Object Soup is Made of Indexes

2023 October 23

When objects come and go and change all the time, and any one might point to any other, I call that "object soup".In other words, object soup is an implicit, heterogeneous, mutable graph in a program that might not look like it's trying to build a graph. It's hard to write object soup in Rust, because it breaks the rules for references.I'm assuming that you've already seen Rust's ownership, borrowing, and mutability rules. If not, here's an overview from a talk by Niko Matsakis, and here's the relevant chapter of The Book. But sometimes it's just how the world works: A creature in a game targets another creature, and then its target disappears. A cell in a spreadsheet depends on another cell, and the other cell's value changes. A song in a music player links to a singer, and the singer links to their songs. These programs are object soup by design, but Rust doesn't let us do things like this with references. So what do we do?

The short answer is: use indexes instead of references. To see why, we'll look at three other approaches that don't work. If you just want to see the code that works, skip to part four.

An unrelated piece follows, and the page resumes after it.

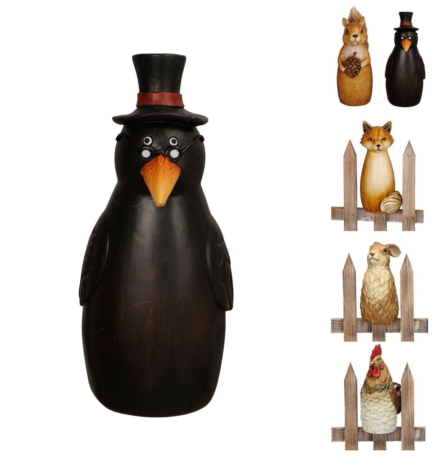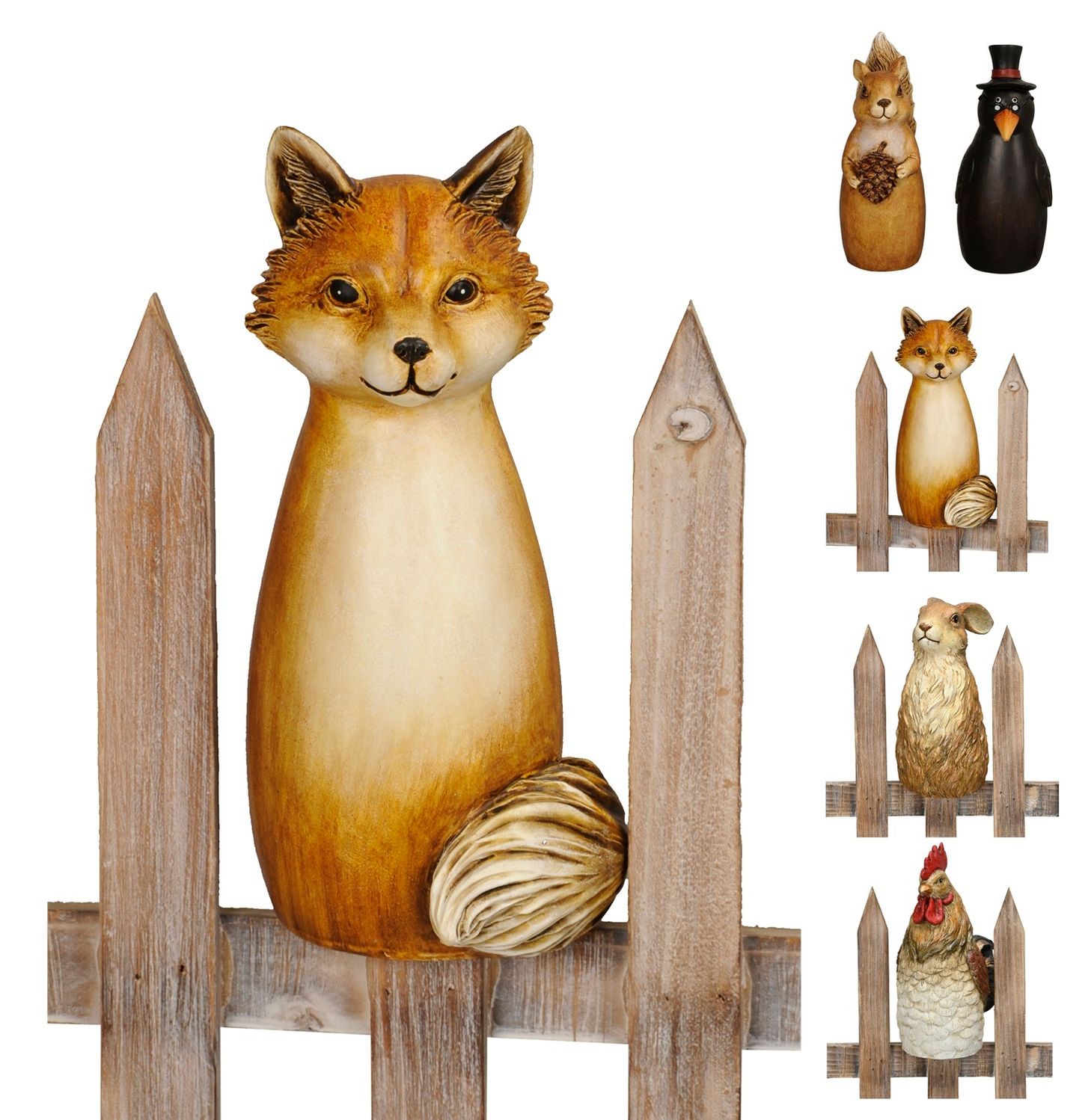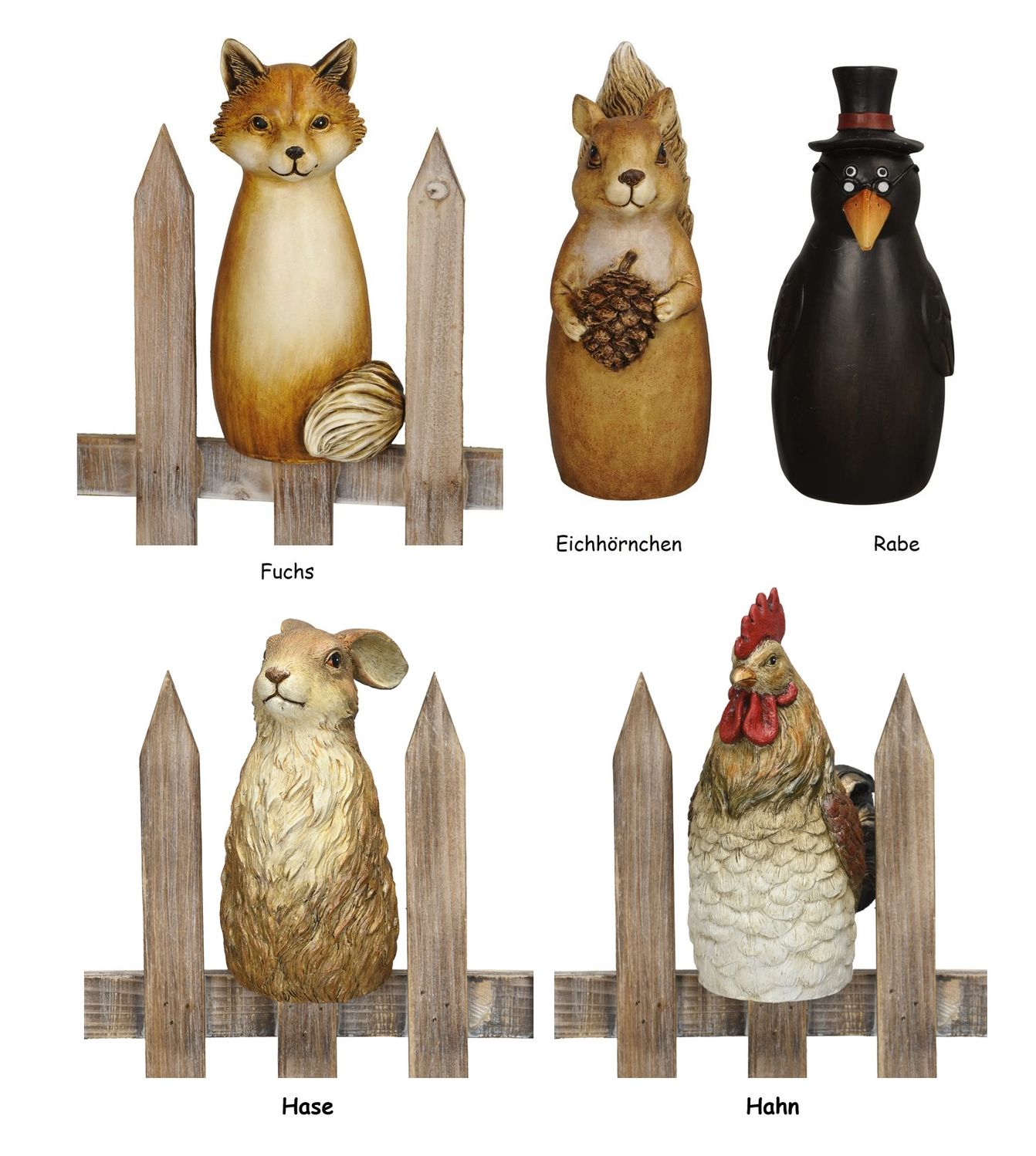 Zaunhocker Rabe Eichhörnchen Fuchs Zaunfigur H: 20 cm Polyresin

Our object soup of the day is a toy program that models two friends, Alice and Bob. Here's the Python version:

class Person:
def __init__(self, name):
self.name = name
self.friends = []

def add_friend(self, other):
self.friends.append(other)

alice = Person("Alice")
bob = Person("Bob")
alice.add_friend(bob)
bob.add_friend(alice)

This is simple, boring Python, and it would be simple and boring in most languages.Garbage collection solves a lot of problems, but there are monsters lurking in dark corners. But in Rust it's surprisingly tricky.

Part One: Move Semantics

A naive Rust translation doesn't compile:

struct Person {
name: String,
friends: Vec<Person>,
}

impl Person {
fn new(name: &str) -> Person {
Person { name: name.into(), friends: Vec::new() }
}

fn add_friend(&mut self, other: Person) {
self.friends.push(other);
}
}

fn main() {
let mut alice = Person::new("Alice");
let mut bob = Person::new("Bob");
alice.add_friend(bob);
bob.add_friend(alice); // error: borrow of moved value: `bob`
}

Here's the full error:

error[E0382]: borrow of moved value: `bob`
--> src/main.rs:20:5
|
18 | let mut bob = Person::new("Bob");
| ------- move occurs because `bob` has type `Person`, which does not implement the `Copy` trait
19 | alice.add_friend(bob);
| --- value moved here
20 | bob.add_friend(alice); // error: borrow of moved value: `bob`
| ^^^ value borrowed here after move

Passing Bob to add_friend by value moves him, because Person isn't Copy.Again I'm assuming that you've already seen move semantics in Rust. If not, here's the relevant chapter of The Book, and here's a comparison with move semantics in C++. A quick fix is to add #[derive(Clone)] to Person and to clone each argument to add_friend. But copying or cloning isn't what we want when we're writing object soup. The real Alice and Bob will change over time, and any copies of them will quickly get out of sync.In fact this example is already out of sync. The copy of Bob in Alice's friends list doesn't get updated by the second call to add_friend. A naive C++ translation has the same problem.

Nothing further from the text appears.